I don't know why I'm giving the rundown on my gear now, but what the hell. To finish things off there is Monty, after the Simpsons character. Monty wheezes and farts dust. It's the original Beetle of the computer world, just about. It's a Macintosh Quadra 610, a 25MHz 68040 CISC cpu, 16MB of whatever Fast Page or EDO would work, and 1MB of unaccelerated video ram on one SIMM. It has a SCSI controller onboard whose chipset I forget at the moment, narrow of course. It has the IWM floppy controller, who no one has abused themselves enough to write drivers for, and some other Woz designed sound scheme, that probably requires insane inline assembler optimizations in real time to work at all. There is a story about this computer of course, otherwise why would I have it? How can I explain it, it's like trying to explain love. It just happens.

Okay, so it all started a few months after starting work at Fairfield County District Library as the IT manager for the whole county, managing a staff of one. One day I got the compulsion to really uproot everything in the whole office and get things to a more organized and practical state, as anyone who has been in a job for a little while begins to feel comfortable enough to do. I love to root things up and rebuild. So of course under a pile of junk in the corner was this little beige pizza box, with a tiny rainbow apple and a tiny font that said "Macintosh". Damn, waves of nostalgia from seeing Macs in RUN magazine in the 80's when I was kid came rushing back. So I took it home, while the rest went in the trash.

I found the original manual and Mac OS 7 cd, what luck! So at home I examined the thing and took the case off to discover the hardware. 250MB IBM SCSI disk, wierd Apple video connector, SCSI cdrom, floppy drive, AAUI port, and those ADB ports. I plugged in a power cable and turned it on.

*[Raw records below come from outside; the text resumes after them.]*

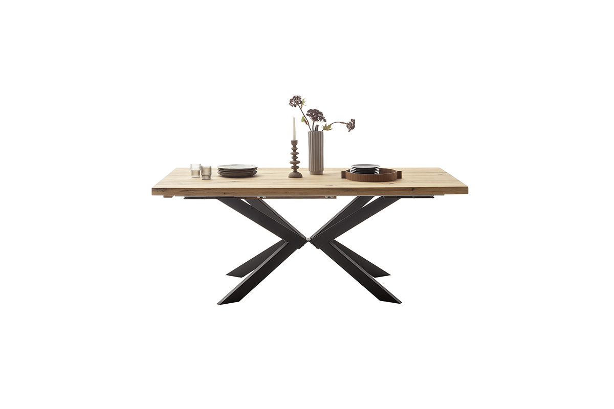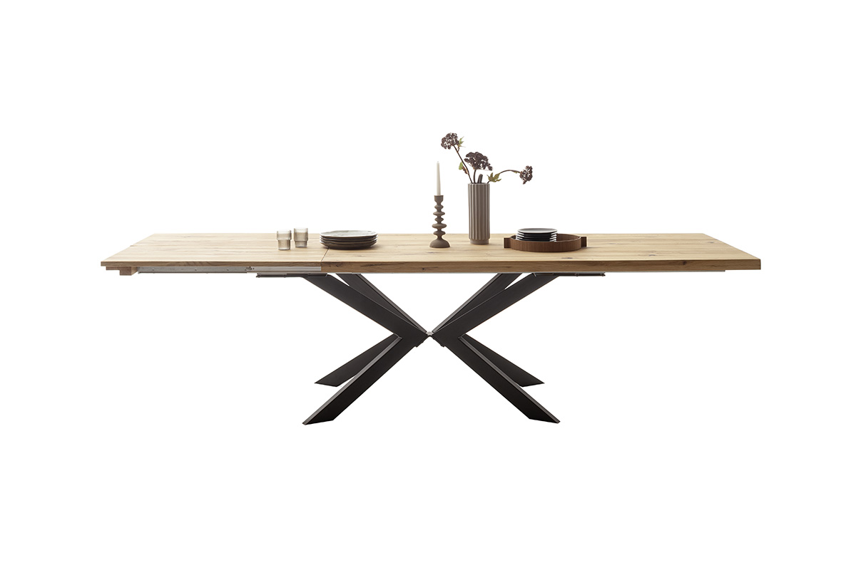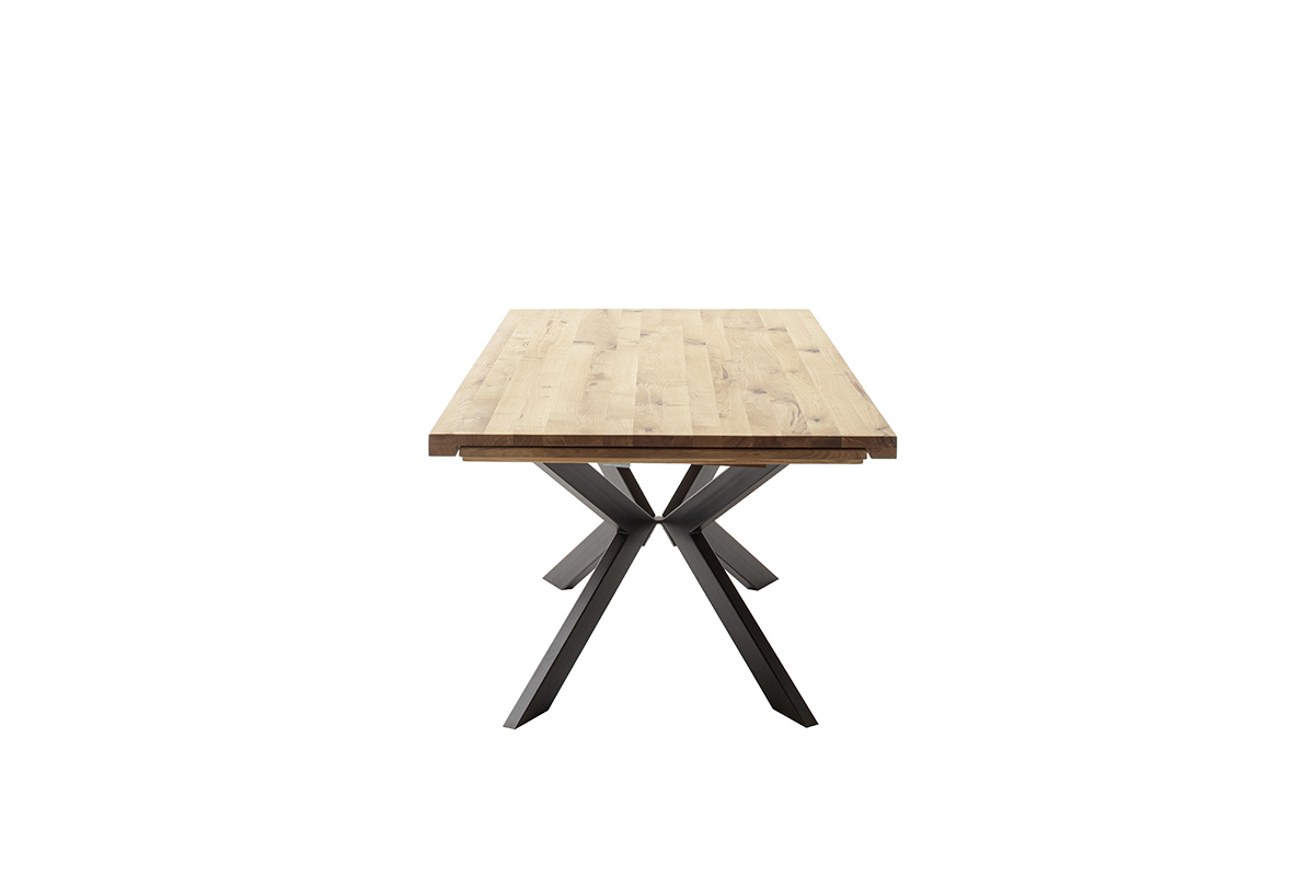 Tugev metallist alus on viimistletud antratsiitvärvi pulberkattega ning selle modernne X-kujuline disain pakub suurepärast stabiilsust ja kaasaegset iseloomu. Laud on varustatud praktilise sünkroonmehhanismiga pikendussüsteemiga, mis võimaldab lauda lihtsalt ja sujuvalt suurendada, pakkudes rohkem ruumi suuremateks koosviibimisteks.
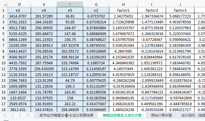 数据包括:原始数据,熵值法(权重,逐项得分),主成分测算过程以及最终结果
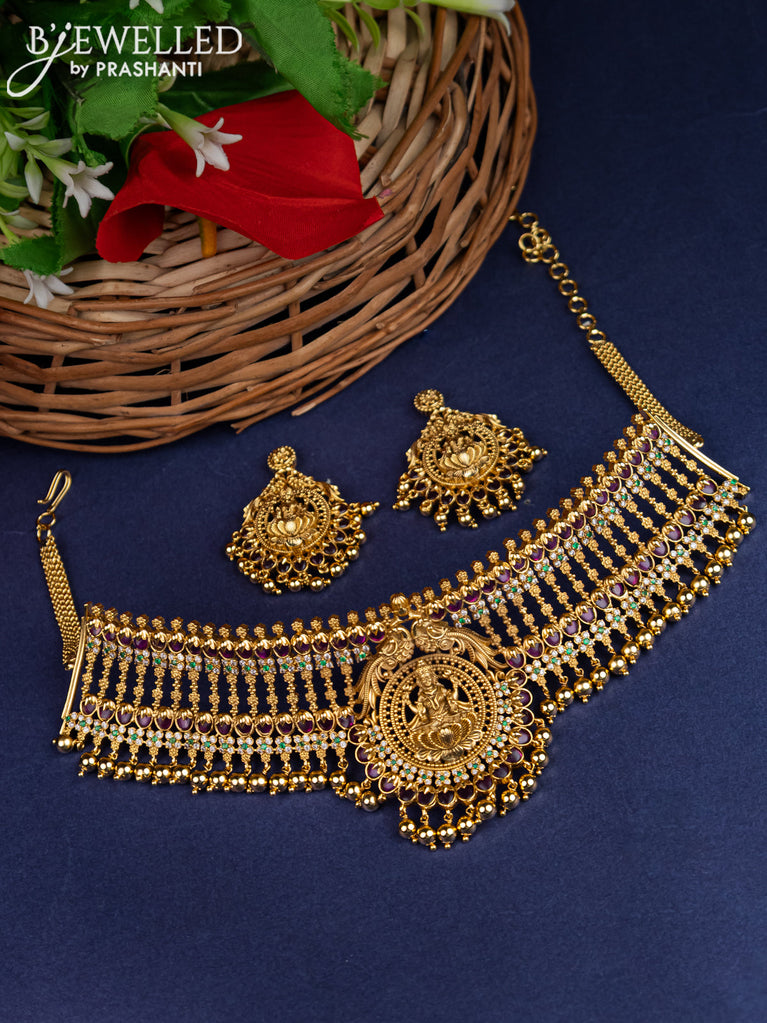 Antique choker lakshmi design with kemp & cz stones and golden beads hangings
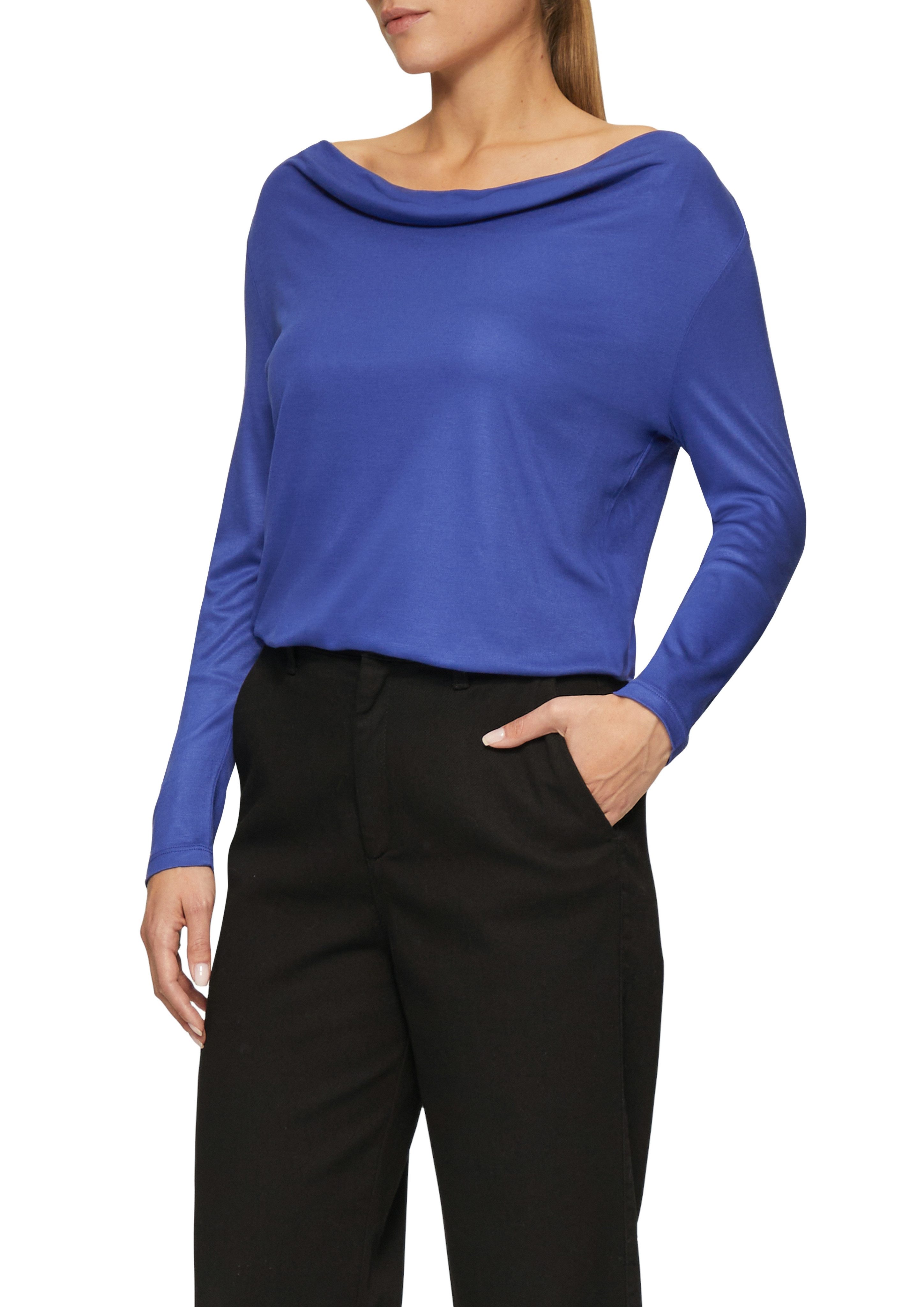 Mit dem Langarmshirt von s.Oliver BLACK LABEL stellst du im Handumdrehen ein neues Outfit zusammen. Dieses Shirt hat einen Wasserfallausschnitt und ist taillenbedeckend sowie basic geschnitten und umspielt deinen Oberkörper locker.
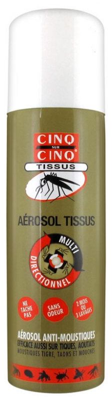 Aérosol à usage biocide à base de perméthrine et de géraniol, qui tue les moustiques.Cinq sur Cinq tue aussi les tiques et les taons.Efficace même après 3 lavages.Efficace 2 mois après imprégnation.
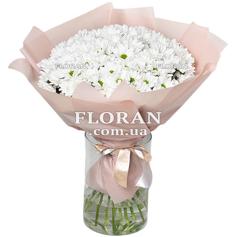 Шикарний букет ромашок - код товару FL-895. Представляємо вашій увазі шикарний букет ромашок, що складається з 35 білих ромашкових хризантем. Цей букет привертає погляд своєю ніжною красою і витонченістю. Біла ромашкова хризантема - це символ чистоти, невинності та свіжості. Її білосніжні пелюстки і витончена форма надають букету вишуканості та елегантності. Білий колір ромашки також асоціюється зі світом, гармонією і чистотою думок.
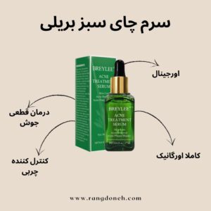 سرم چای سبز بریلی جذب سریع حجم 17 میل حاوی چای سبز سوزنی حذف جوش و آکنه کنترل کننده چربی حذف منافذ باز پوست صاف و شفاف کننده پوست آبرسانی و کنترل رطوبت پوست ضد التهاب آرامبخش پوست فاقد چربی
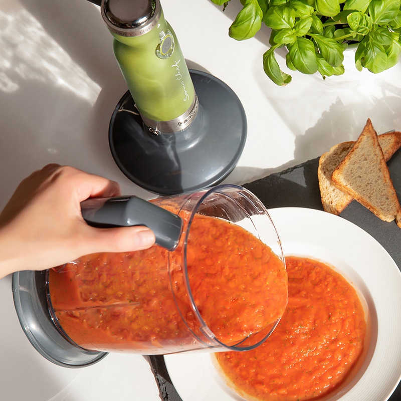 - Pentru supe cremă și piure: folosește piciorul de inox direct în oală (cu grijă la stropire).
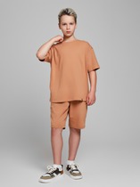 Комплект состоит из свитшота и брюк. Свитшот прямого силуэта, перед и спинка цельнокроенные. Круглый вырез горловины.
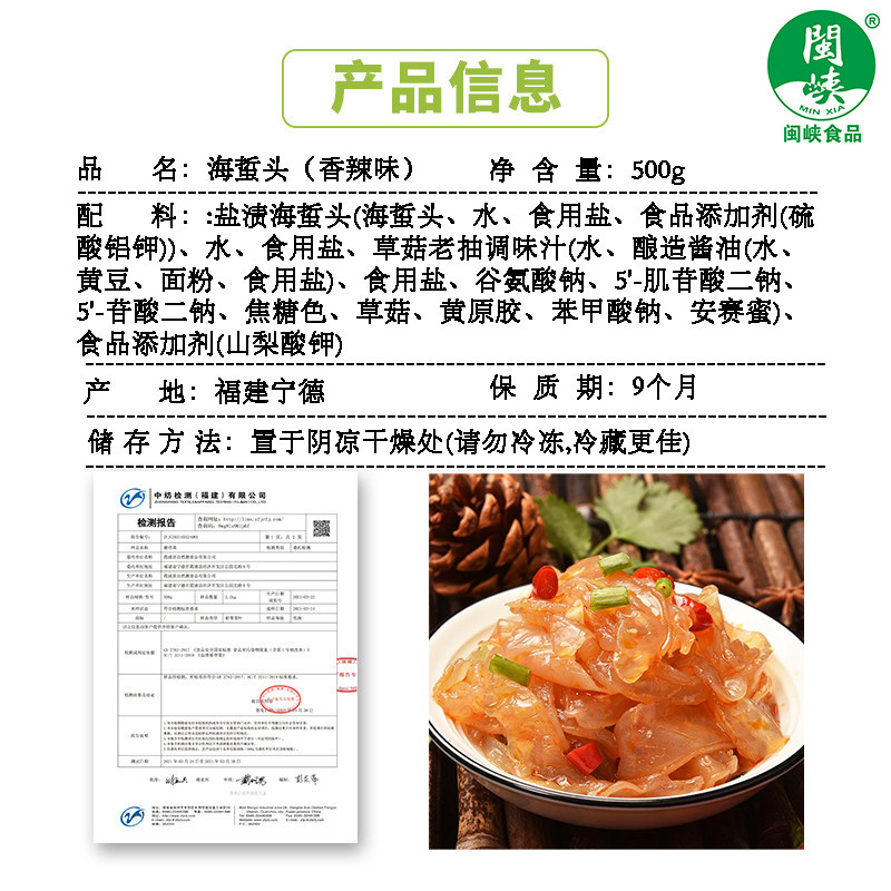 闽峡福建野生即食海蜇头200gX3包开袋即食脆爽非海蜇丝内有带料包
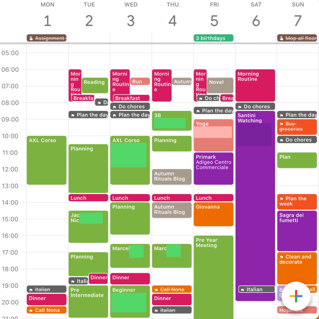 Landino asks us to schedule everything in blocks, including breakfast, showers etc and I did for a while but it drive me absolutely crazy and now I just schedule most things like cooking, cleaning and class prep etc once a week and limit myself to 10 mins per day to rejig my schedule if needs be. I love using Google Calendar for its simplicity, ease of moving things around and ease of adding different calendars plus its ability to be accessed on any device at anytime.
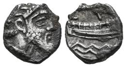 Phoenician. Arados. Obol. 400-350 BC. (Traité-II 844-845, pl. CXVI, 29-31). (Sng Cop-19/22). (Hgc-10, 46). Anv.: Laureate and bearded head of Ba'al-Arwad to right. Rev.: Galley to right; waves below, Phoenician letters 'mem' and 'aleph' above. Ag. 0,84 g. Original Patina. VF/Choice VF. Est...100,00.
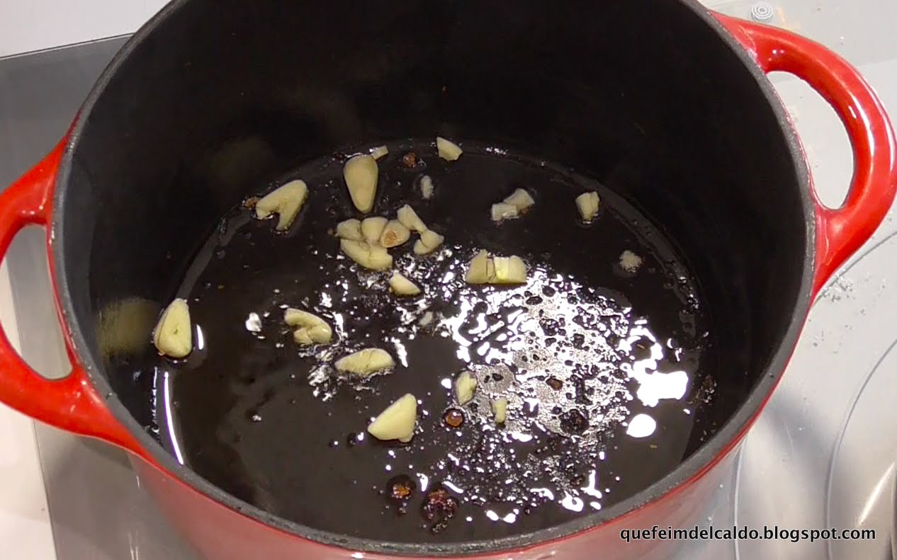 Empleando el mismo aceite y la misma cazuela donde hemos frito los ingredientes para la picada, freímos los 3 dientes de ajo.
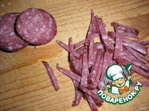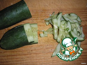 Добавить колбасу, огурчик, блинчики, все перемешать и чуть подсолить.
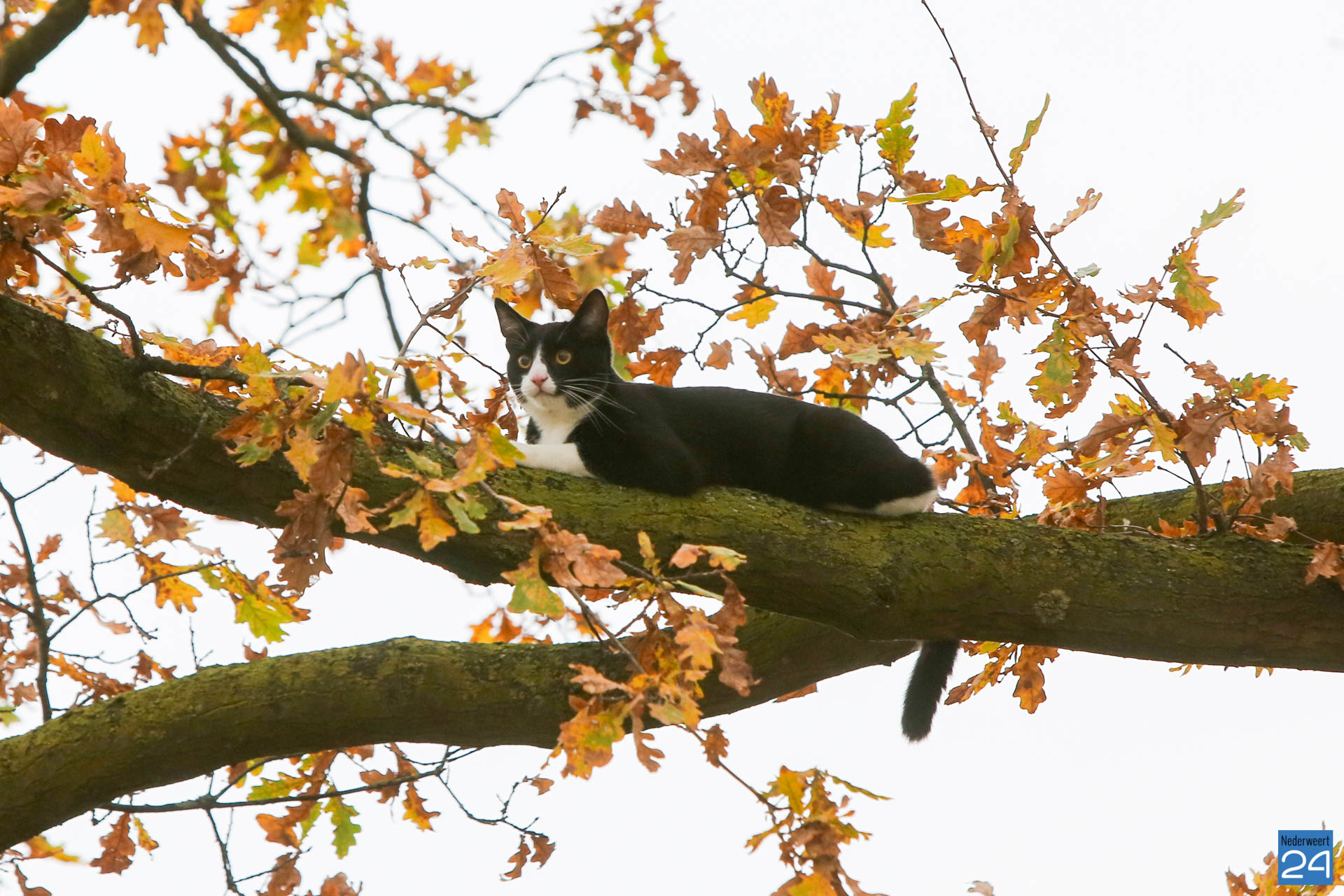 Donderdagmorgen is poes Siepie uit een boom gered aan de Smisserstraat in Nederweert.
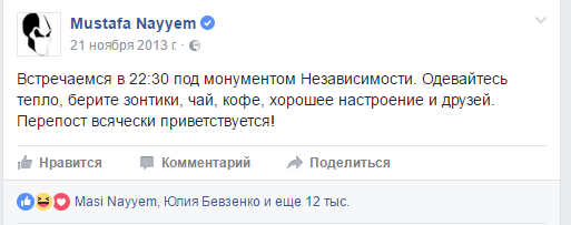 21 ноября журналист Мустафа Найем бросил в Facebook клич выходить на Майдан, что и стало формальным началом протестов.
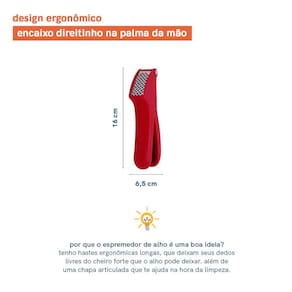 ":: Esse é o espremedor de alho da OIKOS. :: Chapa articulada e higiênica: basta pressionar a chapa no sentido oposto da saída do alho triturado, assim ela desencaixa sem soltar, mais fácil de limpar. :: Design ergonômico: por ter hastes ergonômicas e longas, esse espremedor encaixa direitinho na palma da mão e mantém seus dedos livres do cheiro forte que o alho pode deixar.
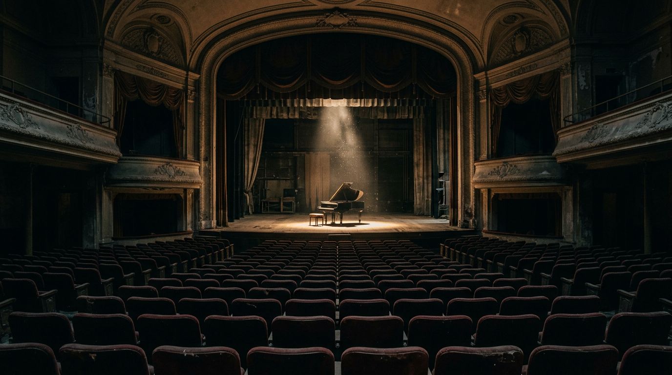 illuminates a grand piano at center stage. Rows of empty

It played a major chord, resolving with the third as the lowest note (that's how it sounds anyways), something that R&B guitarists, and Keith Richards too, often use as a lick at the end of a song, to make it sound like it "resolves" onto a happy major key. The SCSI drive ground and rumbled like ten year old narrow scuzz drives do. It was pretty quiet, but the darn thing was running. It may have even beeped after a while, since there were no input or output devices. I was fascinated.

So I got on eBay in a moment of weakness and ordered a video adapter so I could *see*. I just wanted to see what it did. I won the auction and found an adapter laying around at work in a monitor manual baggie at the same time. So I had two. I plugged in a browning out old monitor and fired up the Mac. It was running at 640x480, looked like 8 or 16 bit color. It booted to the desktop. It gave an error about some problem with the printer. I had only ever used an Apple IIc and a Mac II something or other years ago.

Battery is running out, will finish later. Time to go to bed.